» **Work to complete**:
Only the lines from the one with "Angekommen im Ferienhaus" through the end of the data below belong in the answer, restated word for word, pictures excluded.

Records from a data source
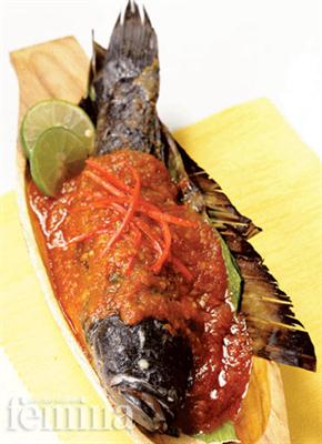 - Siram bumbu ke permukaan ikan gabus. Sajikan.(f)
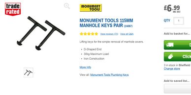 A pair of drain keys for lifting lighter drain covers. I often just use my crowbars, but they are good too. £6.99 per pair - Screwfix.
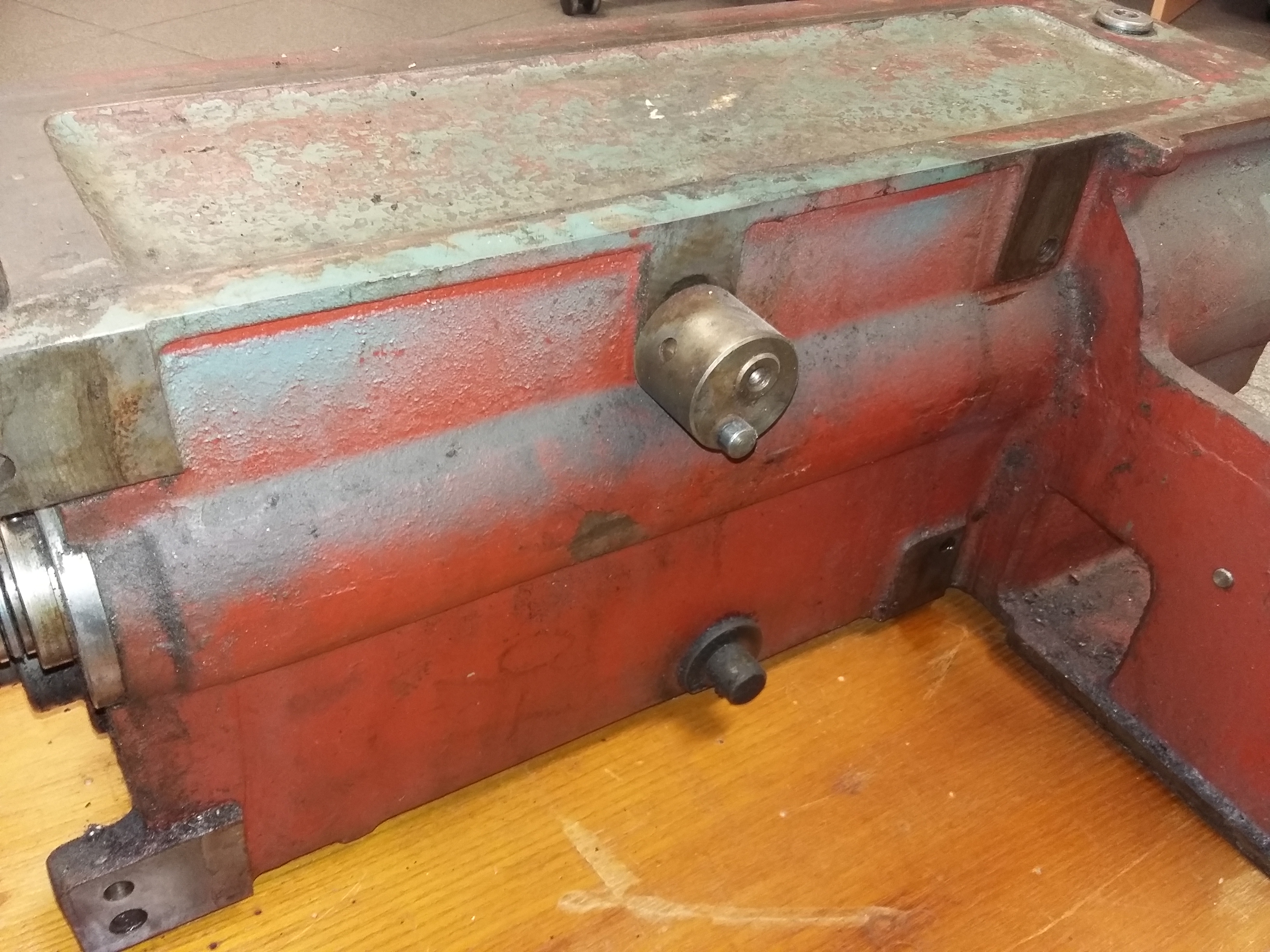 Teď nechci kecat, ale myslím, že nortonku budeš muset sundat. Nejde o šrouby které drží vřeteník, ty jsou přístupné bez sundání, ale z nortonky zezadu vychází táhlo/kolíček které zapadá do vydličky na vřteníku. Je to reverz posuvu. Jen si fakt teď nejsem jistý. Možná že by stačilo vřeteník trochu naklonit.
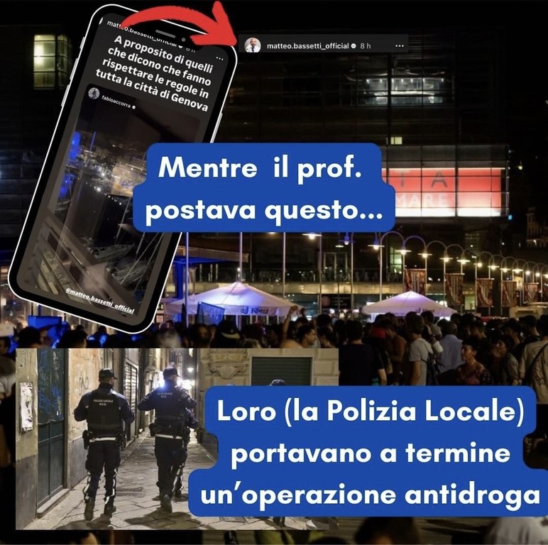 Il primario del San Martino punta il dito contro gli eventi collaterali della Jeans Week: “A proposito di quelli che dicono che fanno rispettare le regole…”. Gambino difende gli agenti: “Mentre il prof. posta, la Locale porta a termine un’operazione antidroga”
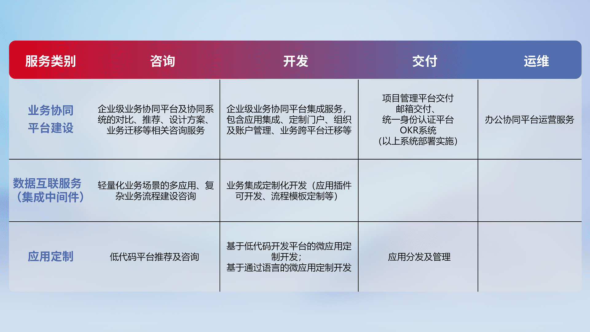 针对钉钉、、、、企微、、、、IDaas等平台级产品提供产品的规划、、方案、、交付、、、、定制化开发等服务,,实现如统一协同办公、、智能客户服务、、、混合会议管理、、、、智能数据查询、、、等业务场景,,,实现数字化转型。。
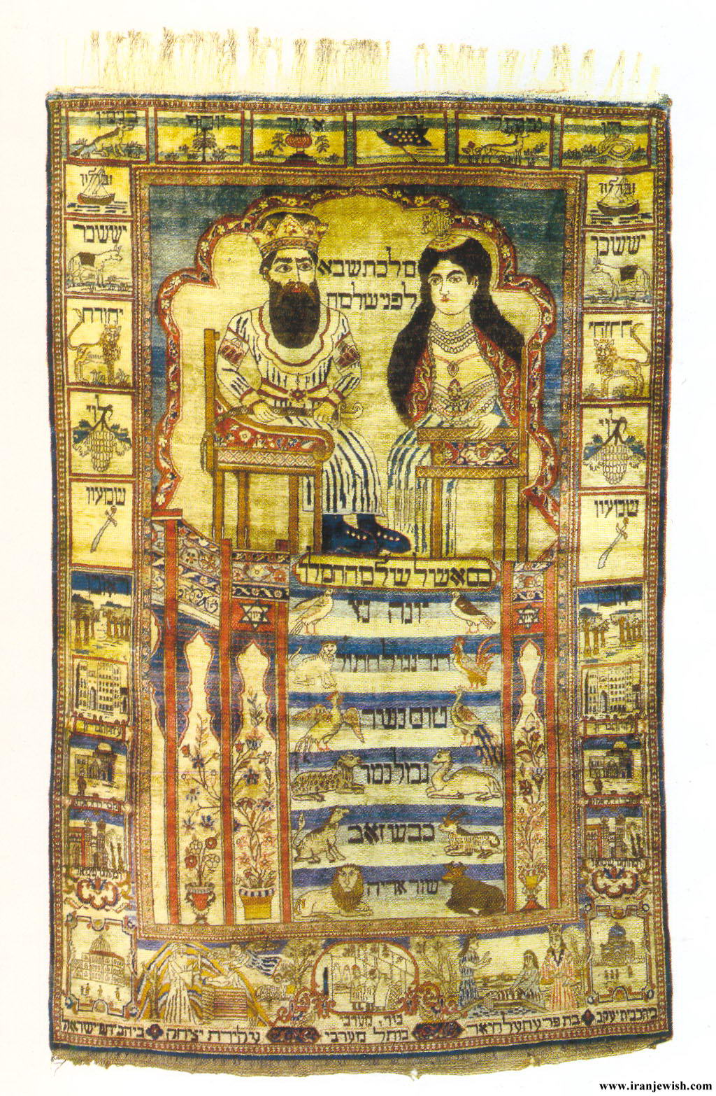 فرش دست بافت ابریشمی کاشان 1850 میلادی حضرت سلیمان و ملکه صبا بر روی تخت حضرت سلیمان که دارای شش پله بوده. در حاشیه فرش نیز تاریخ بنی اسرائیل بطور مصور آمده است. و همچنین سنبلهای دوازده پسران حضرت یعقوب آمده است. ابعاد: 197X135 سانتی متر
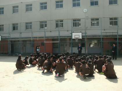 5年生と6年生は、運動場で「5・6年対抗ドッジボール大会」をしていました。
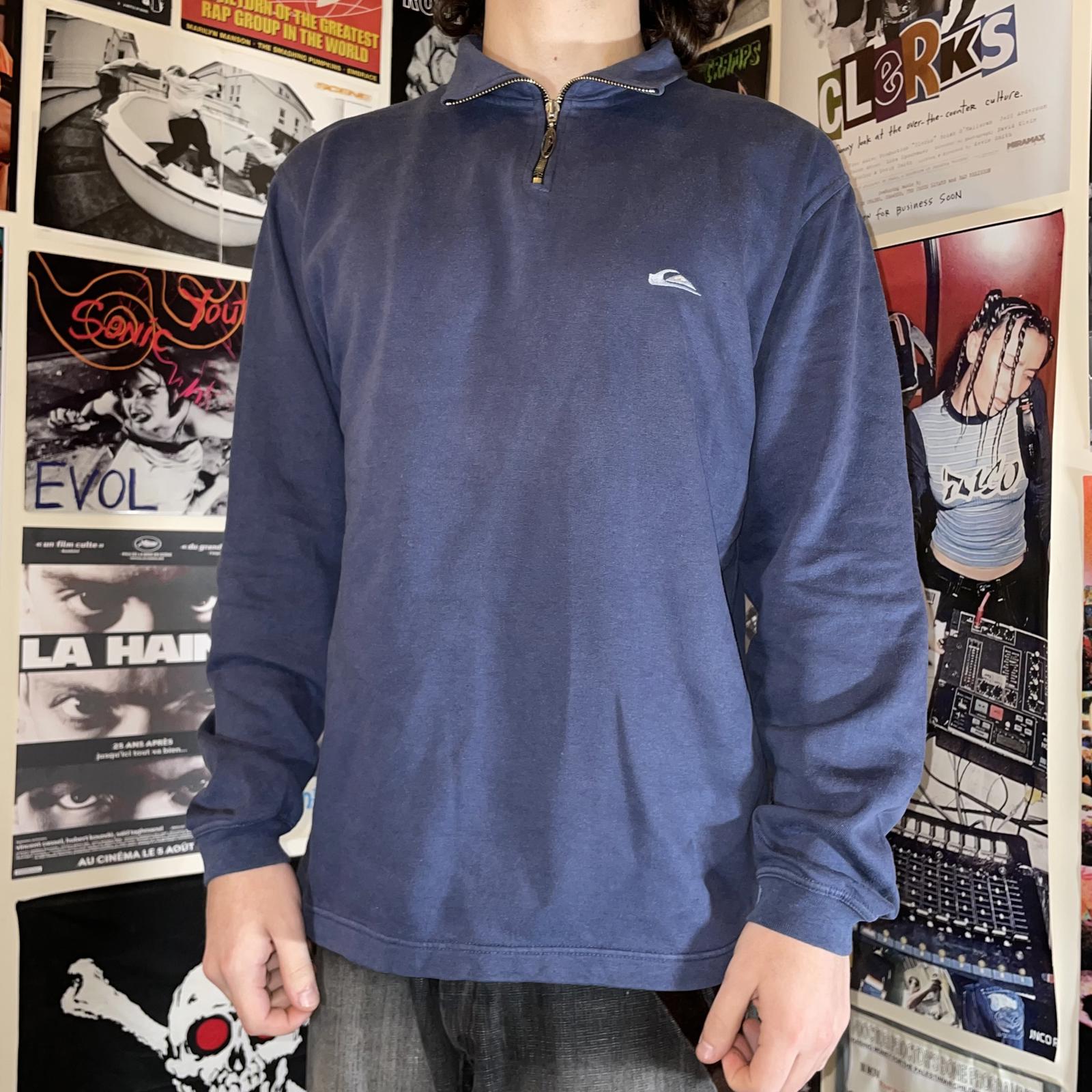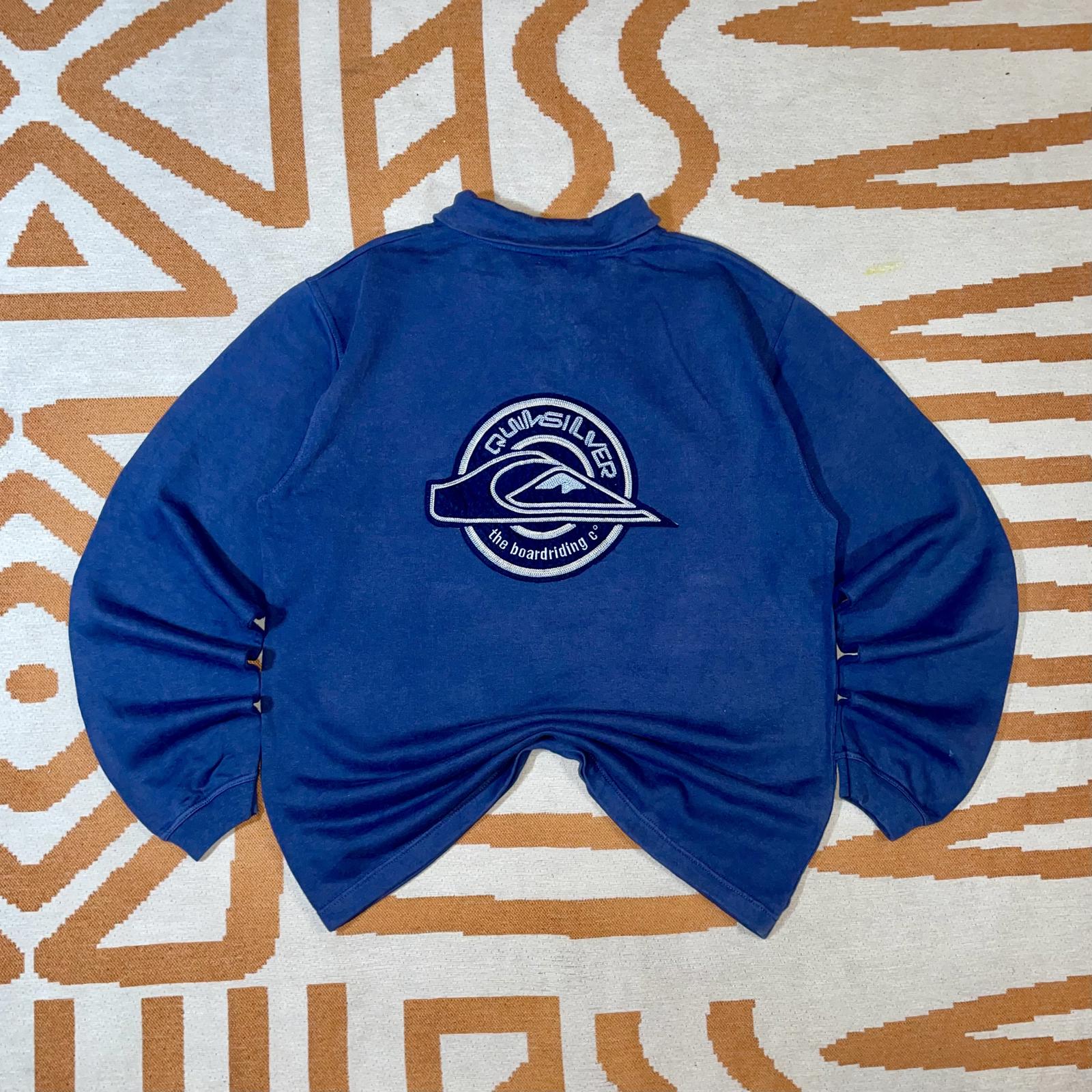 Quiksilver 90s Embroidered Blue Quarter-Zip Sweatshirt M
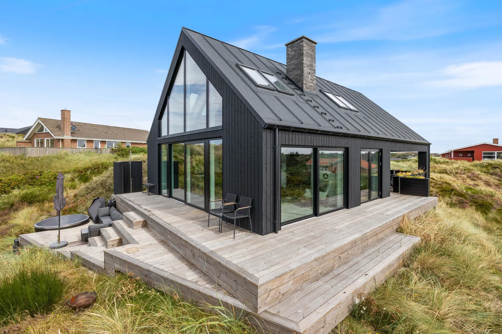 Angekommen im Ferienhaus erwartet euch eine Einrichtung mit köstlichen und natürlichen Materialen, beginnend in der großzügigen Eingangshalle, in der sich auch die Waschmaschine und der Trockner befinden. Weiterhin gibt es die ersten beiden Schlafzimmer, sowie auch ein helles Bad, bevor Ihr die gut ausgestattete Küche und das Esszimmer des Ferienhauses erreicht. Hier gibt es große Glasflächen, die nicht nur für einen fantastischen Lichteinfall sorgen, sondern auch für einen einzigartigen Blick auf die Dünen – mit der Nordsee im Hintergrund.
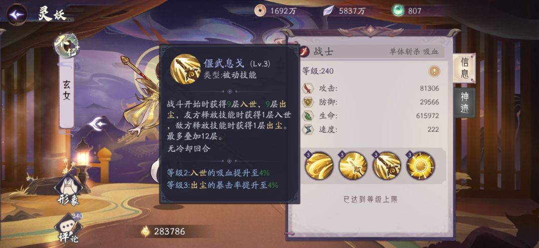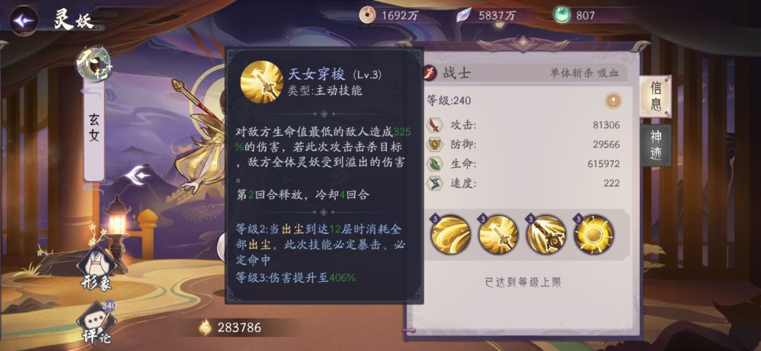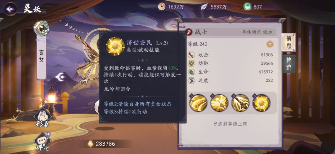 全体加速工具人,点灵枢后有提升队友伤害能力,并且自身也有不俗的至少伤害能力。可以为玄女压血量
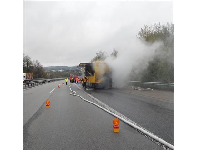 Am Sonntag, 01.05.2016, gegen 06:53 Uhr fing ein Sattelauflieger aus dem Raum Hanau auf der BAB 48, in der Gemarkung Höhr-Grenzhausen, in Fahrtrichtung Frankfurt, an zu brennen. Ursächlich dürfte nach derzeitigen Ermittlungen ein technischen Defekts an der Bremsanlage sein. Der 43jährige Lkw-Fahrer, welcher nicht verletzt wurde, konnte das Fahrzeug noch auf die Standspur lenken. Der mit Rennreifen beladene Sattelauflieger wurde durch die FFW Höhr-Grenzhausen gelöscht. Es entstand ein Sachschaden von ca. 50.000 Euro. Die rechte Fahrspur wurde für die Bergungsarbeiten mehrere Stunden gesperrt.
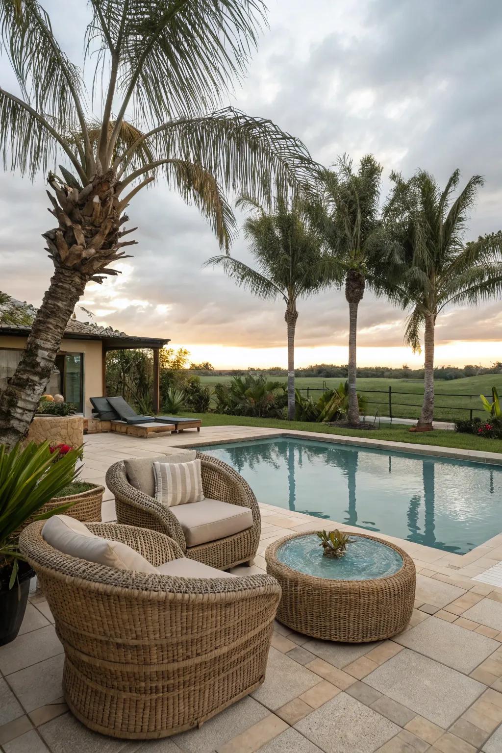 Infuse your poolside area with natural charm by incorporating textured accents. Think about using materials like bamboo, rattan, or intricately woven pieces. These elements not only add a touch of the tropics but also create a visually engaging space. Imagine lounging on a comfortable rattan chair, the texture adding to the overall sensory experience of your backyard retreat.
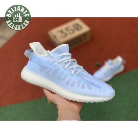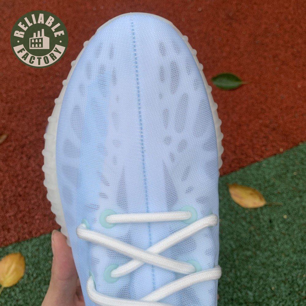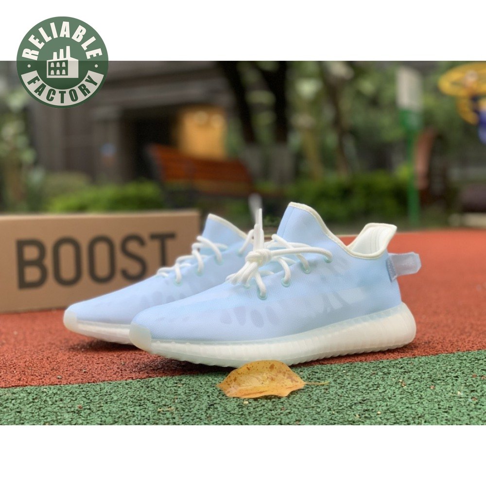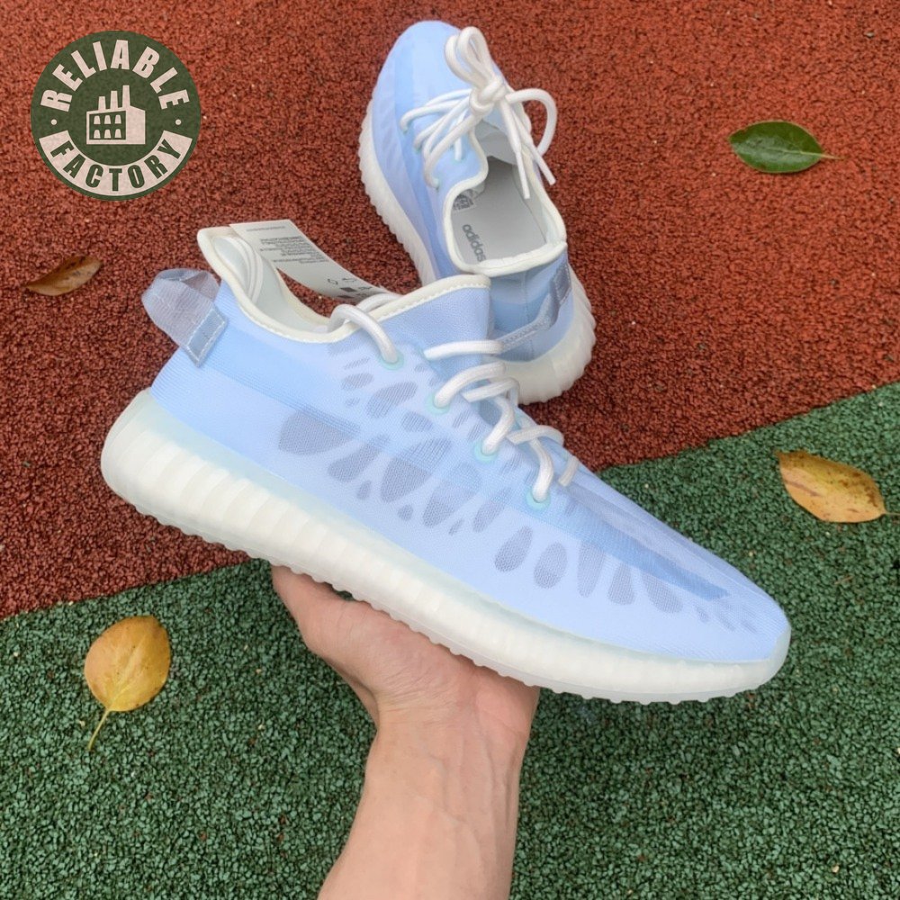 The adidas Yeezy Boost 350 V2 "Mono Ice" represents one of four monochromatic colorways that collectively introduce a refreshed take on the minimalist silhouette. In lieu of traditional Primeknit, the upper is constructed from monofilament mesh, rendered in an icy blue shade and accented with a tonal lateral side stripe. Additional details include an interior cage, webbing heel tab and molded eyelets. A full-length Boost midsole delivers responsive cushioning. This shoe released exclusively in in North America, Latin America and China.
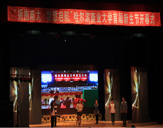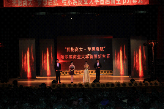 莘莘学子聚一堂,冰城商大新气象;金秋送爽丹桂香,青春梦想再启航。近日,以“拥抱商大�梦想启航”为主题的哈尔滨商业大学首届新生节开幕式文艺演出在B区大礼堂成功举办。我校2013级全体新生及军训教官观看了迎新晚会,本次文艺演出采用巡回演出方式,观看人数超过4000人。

» **Your solution**:
 Angekommen im Ferienhaus erwartet euch eine Einrichtung mit köstlichen und natürlichen Materialen, beginnend in der großzügigen Eingangshalle, in der sich auch die Waschmaschine und der Trockner befinden. Weiterhin gibt es die ersten beiden Schlafzimmer, sowie auch ein helles Bad, bevor Ihr die gut ausgestattete Küche und das Esszimmer des Ferienhauses erreicht. Hier gibt es große Glasflächen, die nicht nur für einen fantastischen Lichteinfall sorgen, sondern auch für einen einzigartigen Blick auf die Dünen – mit der Nordsee im Hintergrund.
 全体加速工具人,点灵枢后有提升队友伤害能力,并且自身也有不俗的至少伤害能力。可以为玄女压血量
 Am Sonntag, 01.05.2016, gegen 06:53 Uhr fing ein Sattelauflieger aus dem Raum Hanau auf der BAB 48, in der Gemarkung Höhr-Grenzhausen, in Fahrtrichtung Frankfurt, an zu brennen. Ursächlich dürfte nach derzeitigen Ermittlungen ein technischen Defekts an der Bremsanlage sein. Der 43jährige Lkw-Fahrer, welcher nicht verletzt wurde, konnte das Fahrzeug noch auf die Standspur lenken. Der mit Rennreifen beladene Sattelauflieger wurde durch die FFW Höhr-Grenzhausen gelöscht. Es entstand ein Sachschaden von ca. 50.000 Euro. Die rechte Fahrspur wurde für die Bergungsarbeiten mehrere Stunden gesperrt.
 Infuse your poolside area with natural charm by incorporating textured accents. Think about using materials like bamboo, rattan, or intricately woven pieces. These elements not only add a touch of the tropics but also create a visually engaging space. Imagine lounging on a comfortable rattan chair, the texture adding to the overall sensory experience of your backyard retreat.
 The adidas Yeezy Boost 350 V2 "Mono Ice" represents one of four monochromatic colorways that collectively introduce a refreshed take on the minimalist silhouette. In lieu of traditional Primeknit, the upper is constructed from monofilament mesh, rendered in an icy blue shade and accented with a tonal lateral side stripe. Additional details include an interior cage, webbing heel tab and molded eyelets. A full-length Boost midsole delivers responsive cushioning. This shoe released exclusively in in North America, Latin America and China.
 莘莘学子聚一堂,冰城商大新气象;金秋送爽丹桂香,青春梦想再启航。近日,以“拥抱商大�梦想启航”为主题的哈尔滨商业大学首届新生节开幕式文艺演出在B区大礼堂成功举办。我校2013级全体新生及军训教官观看了迎新晚会,本次文艺演出采用巡回演出方式,观看人数超过4000人。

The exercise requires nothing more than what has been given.